## Material shown
Content starts

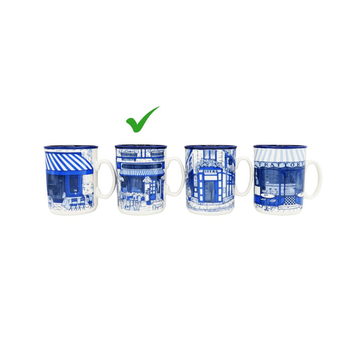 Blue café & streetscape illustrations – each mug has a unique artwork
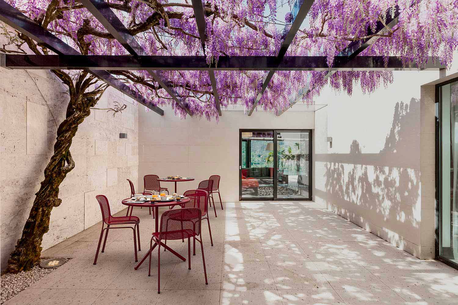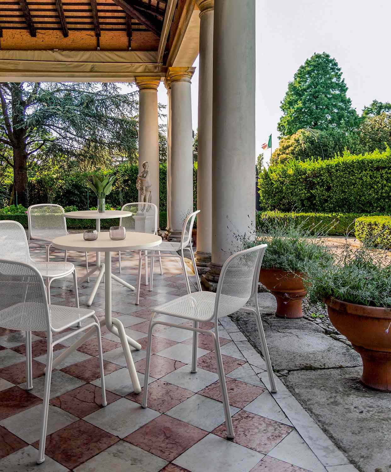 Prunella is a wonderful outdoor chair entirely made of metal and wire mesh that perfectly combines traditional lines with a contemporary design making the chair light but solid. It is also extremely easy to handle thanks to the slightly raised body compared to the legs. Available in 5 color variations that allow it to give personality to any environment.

Content ends
Content starts

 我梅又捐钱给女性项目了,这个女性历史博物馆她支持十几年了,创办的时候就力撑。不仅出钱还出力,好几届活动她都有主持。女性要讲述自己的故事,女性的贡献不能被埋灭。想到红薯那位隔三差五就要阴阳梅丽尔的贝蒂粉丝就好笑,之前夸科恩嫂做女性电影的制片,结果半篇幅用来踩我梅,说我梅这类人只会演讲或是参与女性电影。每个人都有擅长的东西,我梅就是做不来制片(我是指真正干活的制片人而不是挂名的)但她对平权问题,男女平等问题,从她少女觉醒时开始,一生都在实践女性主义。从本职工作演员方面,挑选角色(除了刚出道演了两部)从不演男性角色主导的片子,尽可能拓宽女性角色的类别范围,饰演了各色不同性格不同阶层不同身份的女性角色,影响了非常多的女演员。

Content ends

## What the task requires
When you reach the line that has "Blue café &" in the data above, start repeating lines exactly, and stop after the line that has "Prunella is a"; pictures stay out.

## Task answer
 Blue café & streetscape illustrations – each mug has a unique artwork
 Prunella is a wonderful outdoor chair entirely made of metal and wire mesh that perfectly combines traditional lines with a contemporary design making the chair light but solid. It is also extremely easy to handle thanks to the slightly raised body compared to the legs. Available in 5 color variations that allow it to give personality to any environment.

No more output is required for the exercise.